Sparsame Schlussfolgerungen erlaubten uns den Schluss, dass Braintau hauptsächlich durch die Mischung von 1N3R (Tau-B) gefolgt von 0N4R (Tau-D)-Spleißvarianten repräsentiert wird, was mit früheren Beobachtungen übereinstimmt.87,88
Während andere Spleißisoformen ebenfalls einzigartige Fragmente hatten, ist die geringe Anzahl spektraler Übereinstimmungen (<4) did not allow us to confidently conclude about their existence.
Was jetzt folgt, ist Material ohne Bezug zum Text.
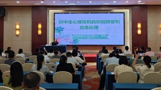 7 月 27 日上午,安徽师范大学附属中学德育副主任、高级教师谢莉为学员们带来主题为《初中生心理危机的识别、预警和应急处 理》的讲座。谢莉老师从初中生心理危机方面出发,用典型案例及身边事件为依 托,介绍了初中生心理危机的现状、产生原因、具体表现,以及如何预防、识别、 应对学生心理危机。谢老师在培训中强调:学校及老师应该未雨绸缪,危机干预 的重点应该从危机后的应急处理转向危机前的早期预防。最后,谢老师希望各位老师能够尊重孩子,明确边界感,为所当为。
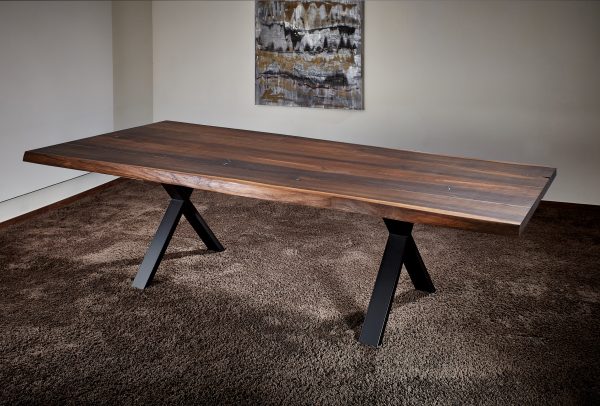 Unser Esstisch-Modell Schmallenberg ist ein wahrer Hingucker. Die Räuchereichen-Tischplatte ist 4 cm stark und besteht aus 4 – 5 Bohlen. Gern beziehen wir unsere Kunden ein: Sie dürfen in unserer Tischlerei mitentscheiden wie die einzelnen Bohlen gesetzt werden. Durch das Splintholz (hier zu sehen insbesondere bei der helleren Baumkante) erhält die Tischplatte eine einzigartige Optik. Gern können die Splintstreifen auch nach innen gesetzt werden. Das Spiel der Farbnuancen ist optisch sehr schön und harmonisch. Ein weiterer Clou sind die Zinneinlagen in den Astlöchern! Bei den Tischmaßen wählen Sie nach Wunsch, angepasst an Ihre vorhandene Einrichtung! 200 cm bis zu 280 cm Länge sind möglich. Die X-Beine (hier schwarz) sind optisch zeitlos und modern. Diese sind auch in Edelstahl erhältlich.
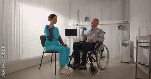 young, nurse, helping, patient, wheelchair, physical, exercise, dumbbell, doctor, assisting, senior, man, rehabilitation, people, adult, assistance, care, caucasian, disability, equipment, exercising, expertise, health care, medicine, healthy, lifestyle, hospital, disease, indoor, medicals, occupation, impairment, injury, therapy, professional, recovery, scrub, sitting, special, sport, support, teamwork, 2, uniform, woman, male, female, physical therapy
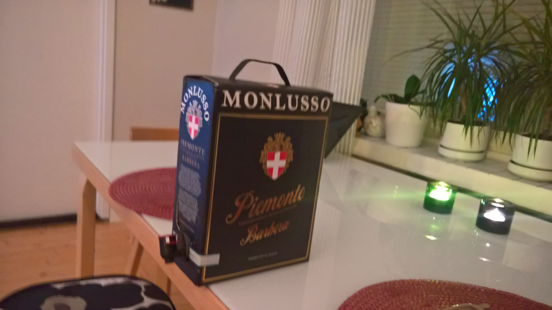 Hyvää punaviiniä pullo ruokaa laittaessa, syödessä ja jälkiruuan kanssa. Oikein sopiva.
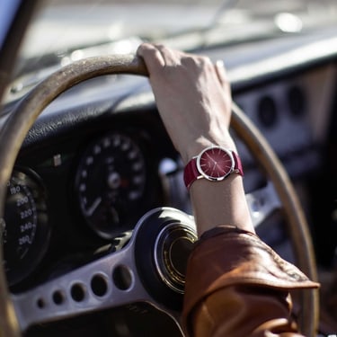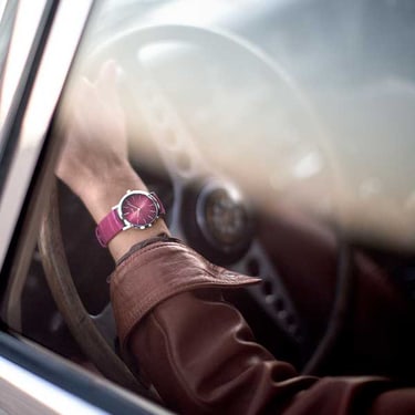 女士超薄白金腕表。粉红色表盘。粉红色鳄鱼皮表带。这款高级超薄腕表运用大胆色彩,表盘呈粉红色并饰以太阳放射状饰纹。抛光打磨超薄白金表壳直径为34毫米,简约优雅的金质时标和纤细的巴顿指针和谐搭配。这款腕表防水深度达3ATM,搭载430P超薄手动上链机芯,拥有中央小时、分钟显示功能。这款女士白金腕表专为Altiplano系列六十周年纪念推出,限量发行360枚,搭配粉红色鳄鱼皮表带及针扣。
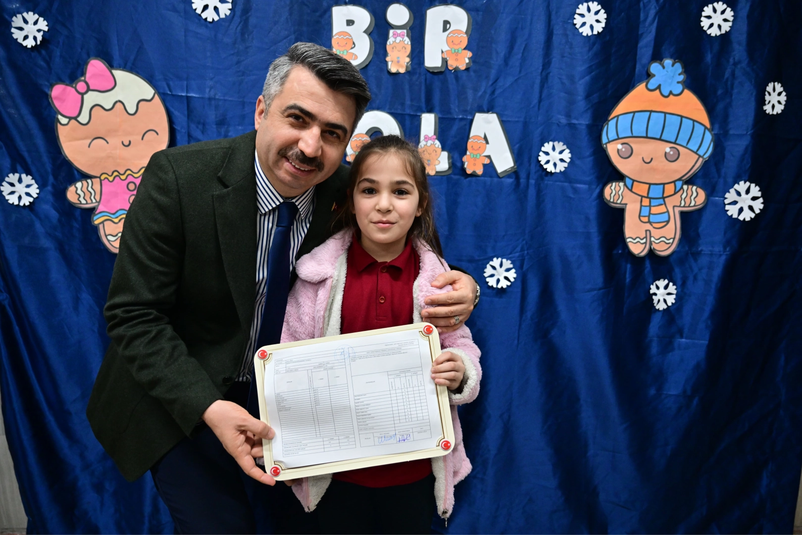 Başkan Yılmaz, Yıldırım Kaymakamı Metin Esen ve İlçe Milli Eğitim Müdürü Mustafa Sevinç ile birlikte Değirmenönü İlkokulu'nda düzenlenen karne törenine katıldı. Eğitimden spora, kültürden sanata kadar çocukları ve gençleri her alanda desteklediklerini belirten Başkan Oktay Yılmaz, törende öğretmenler odasını ziyaret ederek öğretmenlerle sohbet etti. Ardından Kaymakam Metin Esen ve İlçe Milli Eğitim Müdürü Mustafa Sevinç ile birlikte sınıfları gezen Başkan Yılmaz, öğrencilere karnelerini dağıtarak çeşitli hediyeler verdi.
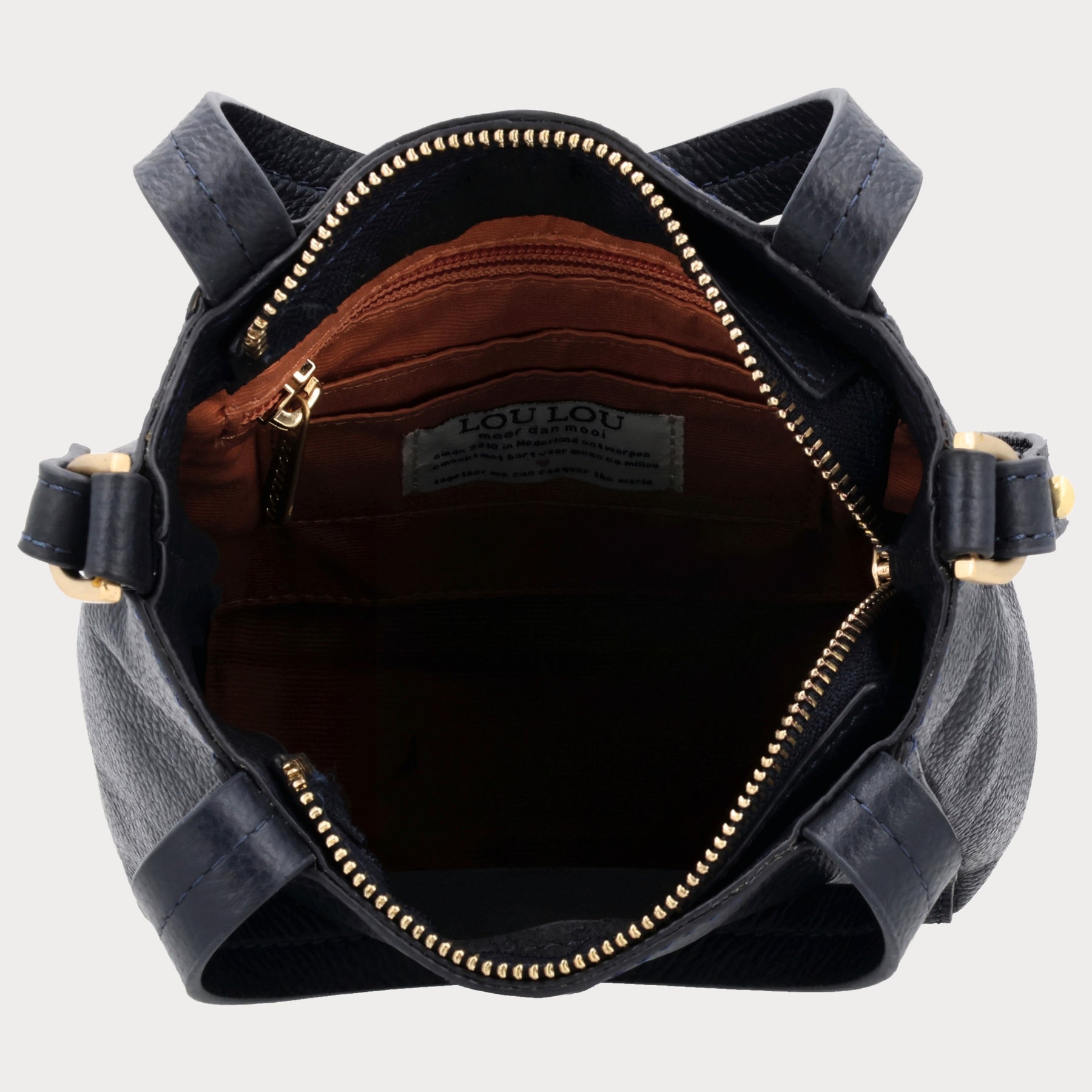 NAOMI Dark Blue Gold – Donkerblauwe leren crossbodytas met RFID
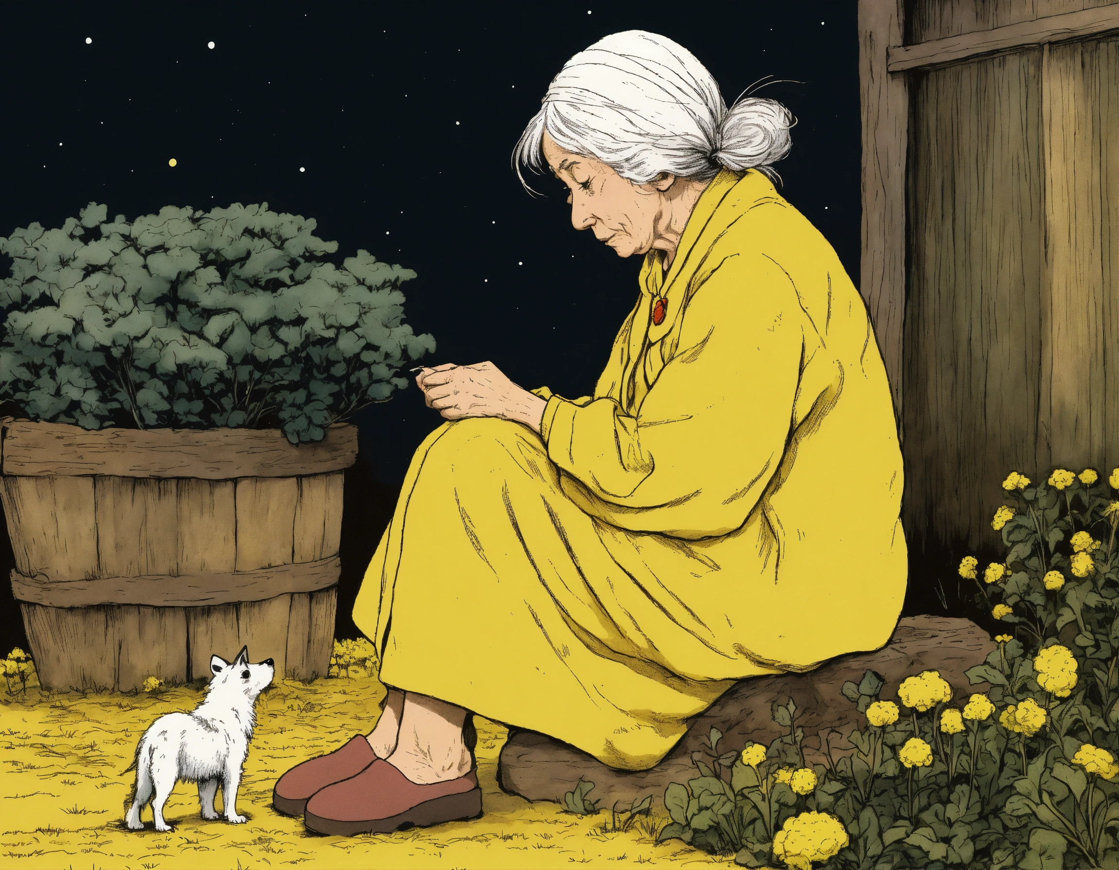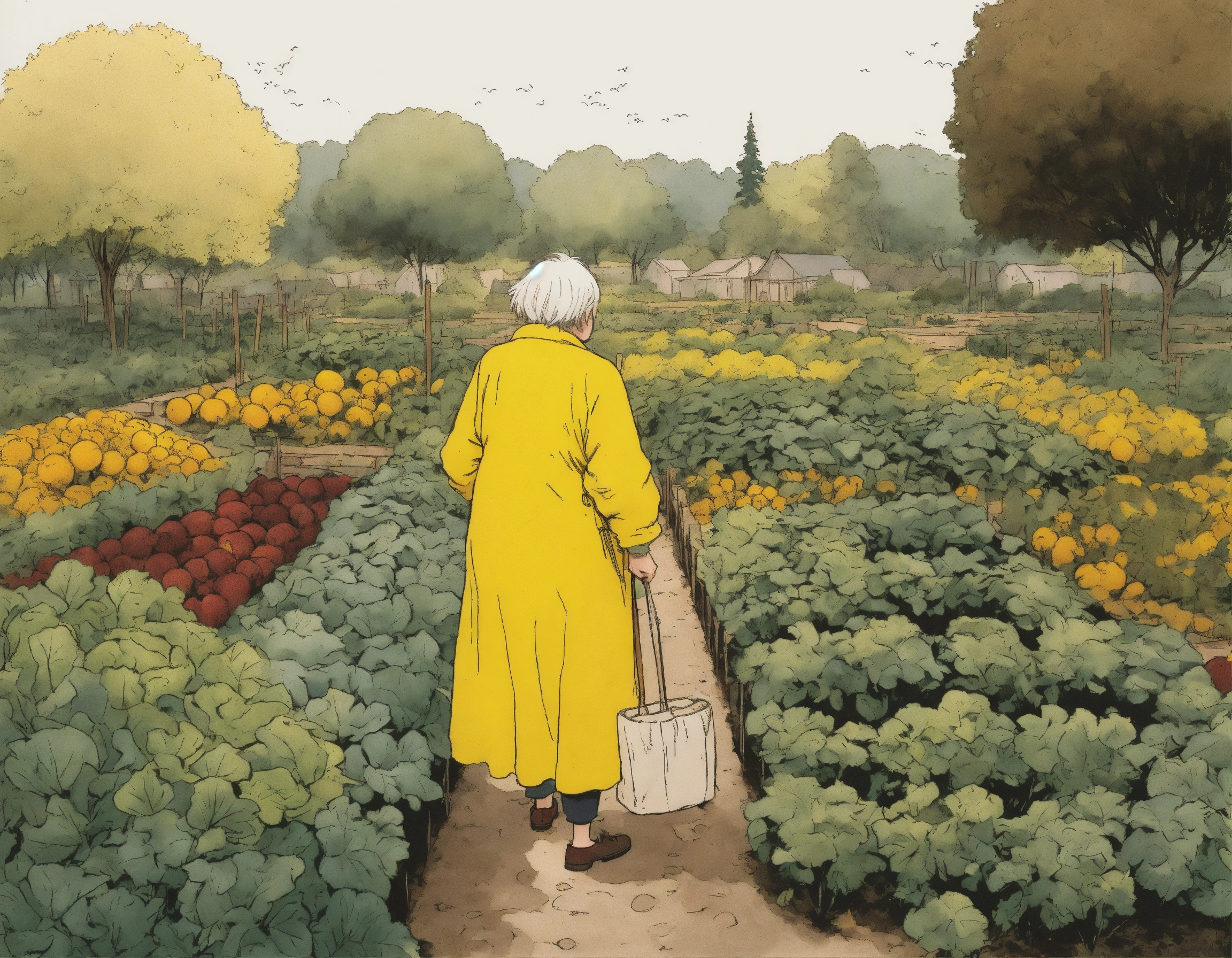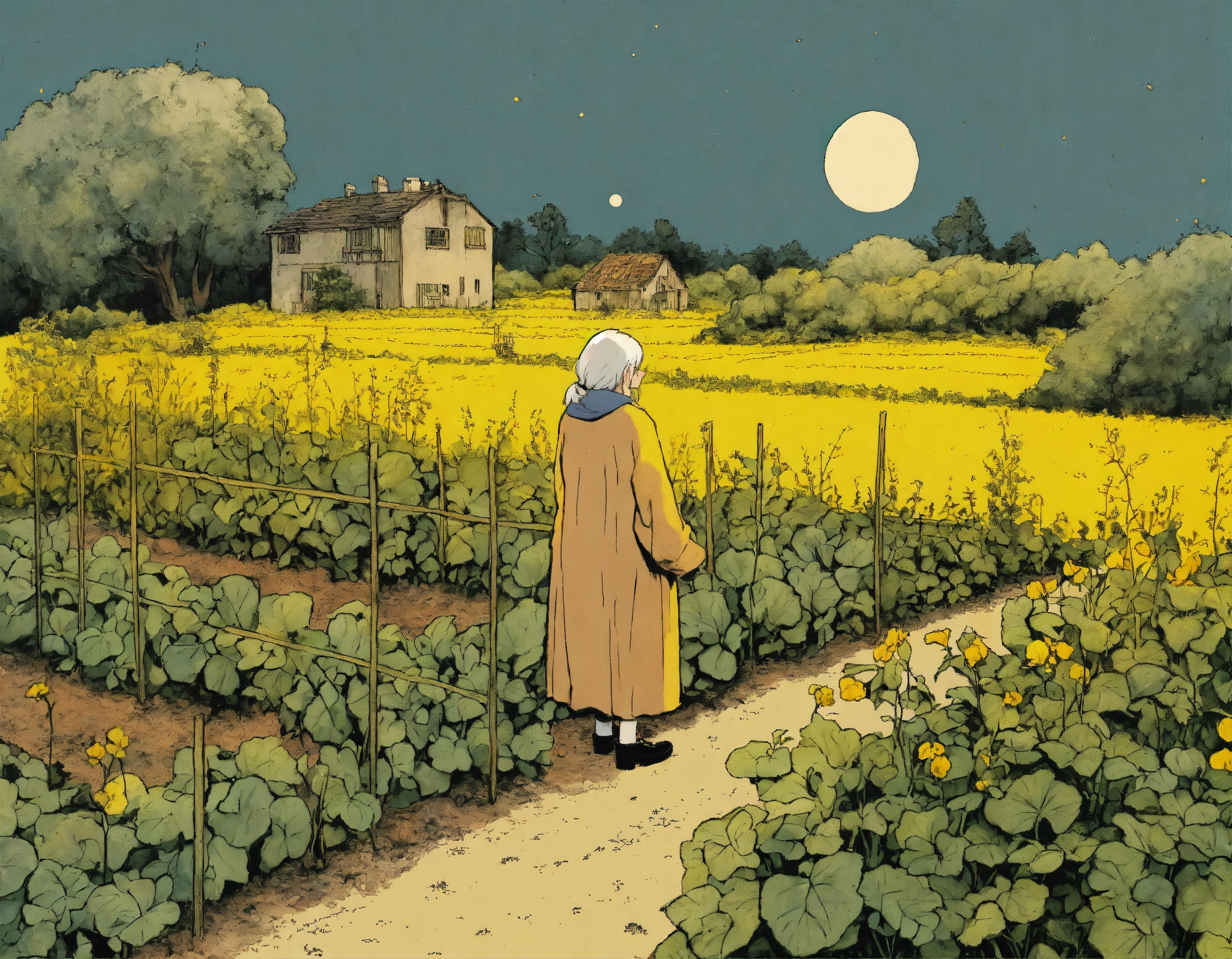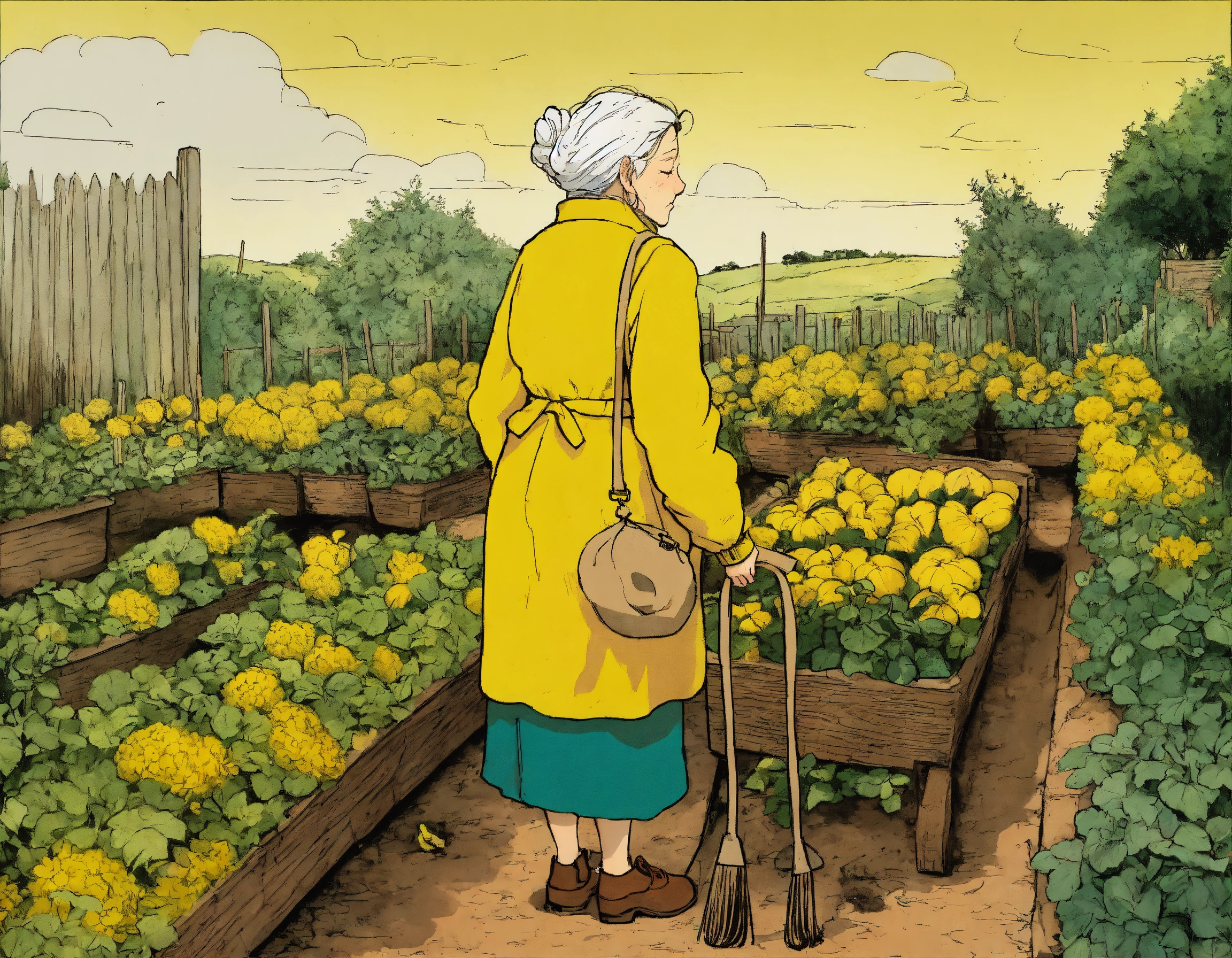 Illustration of a lonely old woman. gloomy, magic, by hergé, ink and pen, dark yellow scheme color, past colors, masterpiece. whole body. vegetable garden. studio ghibli.

Überraschenderweise sind die N-Termini der vorherrschenden R-Domänen enthaltenden Fragmente eine Fortsetzung der C-Termini der vorherrschenden N-Domänen enthaltenden Fragmente, oder mit anderen Worten, sie scheinen verknüpfte Fragmente zu sein, die aus einem möglichen proteolytischen Spaltungsereignis (bezeichnet als) entstanden sind Seite Nr. 1 in Abbildung 10A). Darüber hinaus teilen sich die C-Termini der 3R- und 4R-Domänen enthaltenden Proteoformen dieselbe Spaltungsstelle (in Abbildung 10A als Stelle Nr. 2 bezeichnet), obwohl die Sequenzen selbst aufgrund der Spleißvariation von Exon 10 unterschiedlich sind.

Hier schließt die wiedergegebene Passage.